NY市場は、ドラギ総裁発言でユーロが急伸した。ECB理事会では市場予想を上回る規模の追加緩和となりユーロが急落した。ただ、ドラギECB総裁の「追加利下げは見込まない」との会見での一言に市場は敏感に反応しユーロは急反転している。ユーロドルは1.08台前半まで下げてたが、一転して買われ1.12台まで一時上昇と400ポイント近く急伸した。一方、ドル円はユーロドルの上昇でドル安の格好となったことから売りが強まった。見切り売りも出て112円台半ばまで一時下落。

(11日)
東京市場は、前日のECB理事会をめぐる激しい値動きは一服。ドル円は113円を挟んでの上下動から113円台半ばへと反発。ユーロ円は126円台で、序盤に前日高値を更新と堅調な動きが継続。ユーロドルも1.12付近での高止まりに。前日は欧州株は大幅安となったが、米株は序盤の下げを戻した。きょうは日経平均や上海株が軟調にスタートしたが、次第に買い戻された。原油先物は堅調。
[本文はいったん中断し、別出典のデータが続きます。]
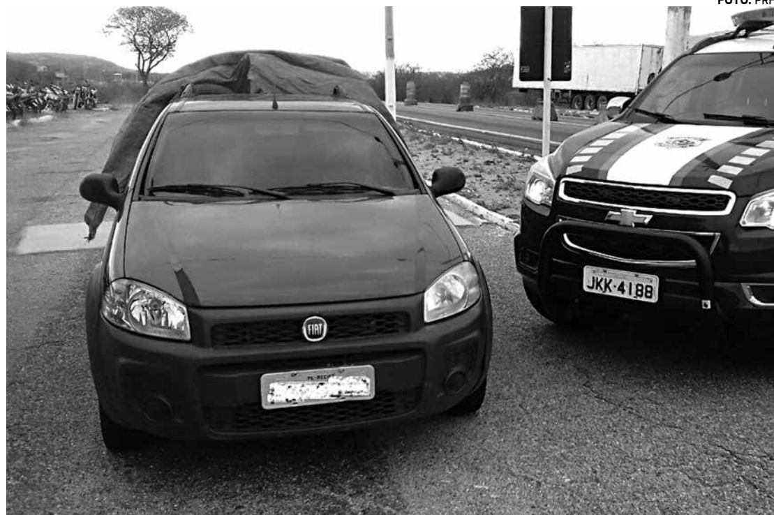
Fiat Strada transportava garrafas plásticas e não tinha espaço para criança, que viajava no assoalho

Os agentes perguntaram quem era a criança
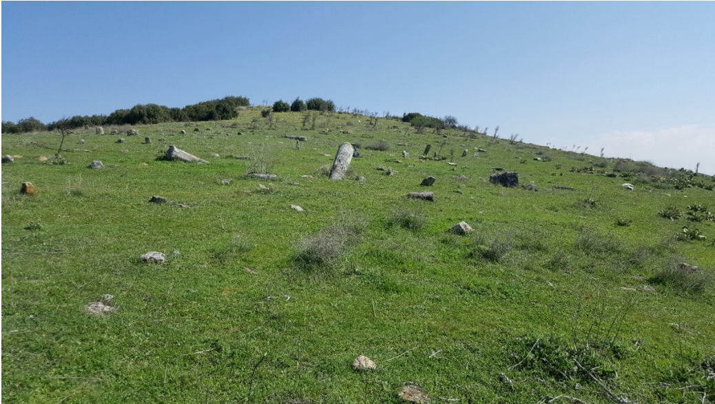
Figür 7. Mezarlıktepe Mevkii batı yamaçtan genel görünüm

Mezarlıktepe Mevkii adı verilen alanın bittiği ve yamaç bölümünün başladığı “Batı Yamaç” 255 m yükseklikle başlayıp, dik bir eğimle 230 m inerek son bulmaktadır. Burada yüzey boyunca çok sayıda mimari elemanların araziye dağılmış bir şekilde yer aldığı tespit edilmiştir (Fig. 7).
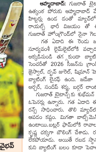
గుజరాత్ టైటాన్స్ శతకంతో వెలుగులోకి వచ్చాడు

అవ్వదాబాద్: గుజరాత్ టైటాన్స్, రాజస్థాన్ రాయల్స్ మధ్య మరో డెత్వంకం పోరుకు అవ్వదాబాద్ వేదిక కానుంది. రెండు జట్లలోనూ హార్డ్ డెత్వంకం దంతో మ్యాచ్లో పరుగుల వరద ఛాయం. రాజస్థాన్ రాయల్స్ భారీ విజయం తో ఈ మ్యాచ్ కోసం ఎదురుచూస్తుండగా... గుజరాత్ హోంగ్రౌండ్లో సైనిక గెలుపు పోటీ చేయాలని ఉద్దేశించుకుంది. గత ఏడాది ఈ రెండు జట్ల మధ్య జరిగిన మ్యాచ్లోనే వైఫల్య సూర్యవంశీ లైమెట్లలోకి వచ్చాడు. 35 బంతుల్లోనే శతకం బాధించి అక్కడినుండి తగ్గ కూడా బ్యాటింగ్ కోసం సాగున్నాడు. మెరుపు హాఫ్ సెంచురీతో 2026 సీజన్ ను గ్రాండ్గా అరంభించాడు. మరోవైపు యుజ్వాల్ ఛాస్టాన్, ధృవ్ బాచెల్, షివ్ హామ్బ్లర్, రవీంద్ర జడేజా రూపంలో స్ట్రాంగ్ బ్యాటింగ్ లైన్ ఉంది. జడేజా స్ట్రైక్ బౌలింగ్ ఆదనపు బలం. జోప్రా అర్జున్, సందీప్ శర్మ, బర్గర్ లాంటి మేటి పేసర్ అటాక్ ఉంది. గుజరాత్ టైటాన్స్ కు శుభీమన్ గిల్, సాయి సుదర్శన్ రూపంలో చక్కని ఓపెనర్లు ఉన్నారు. గత ఏడాది ఈ జోడి 159.33 ప్రయోక్ రేట్తో 912 రన్స్ సాధించారు. తొలి మ్యాచ్లో విఫలమైన... ట్రాఫ్లో పడితే వీరిని పంజాబ్ కెప్టెన్. మిగతా బ్యాట్స్మెన్ కూడా రాజీంబాడు స్కోరుపై ఆశలు ఉండాలి. బట్లర్ ఫామ్లోకి రావాలని ఆశిస్తున్నాడు. తొలి మ్యాచ్లో ప్రసిద్ధ్ కృష్ణ చక్కగా బౌలింగ్ చేశాడు. రవీంద్ర జడేజా అనుకున్నంత మేర రాజీంబాడు లేకపోయాడు. అయితే రవీంద్ర స్ట్రాంగ్ జేసన్ హోల్డర్ ను జట్టులోకి తీసుకుని బ్యాటింగ్ బలం కూడా పెంచాలని లక్ష్యంతో గుజరాత్ ఉంది.

ロンドン市場は円売りが優勢だった。本日の人民元中心レートは大幅引き上げだったこともありアジア株や欧州株は上昇しており、リスク選好的に外貨買い/円売りが入った。ドル円は113.92近辺と東京早朝から1円以上の上昇、ユーロ円は126.96近辺と2月18日以来の高値を付けた。
NY市場は円安の動きが優勢。中国が人民元の中心レートの大幅引き上げや、国際エネルギー機関(IEA)が、原油相場が底打ちした可能性を指摘していたことで原油の買戻しが強まっていることが支援した。米株も上昇。ドル円は113円台での底堅い動きとなった。東京時間に財務省と内閣府が発表した1~3月期の法人企業景気予測調査では大企業の景況判断が3四半期ぶりにマイナスとなったが、日銀の更なる緩和拡大や、日本政府による景気対策なおへの期待感も、円売りに繋がっていたものと思われる。ポンド円も一時164円台に上昇し、来週の動きが注目される。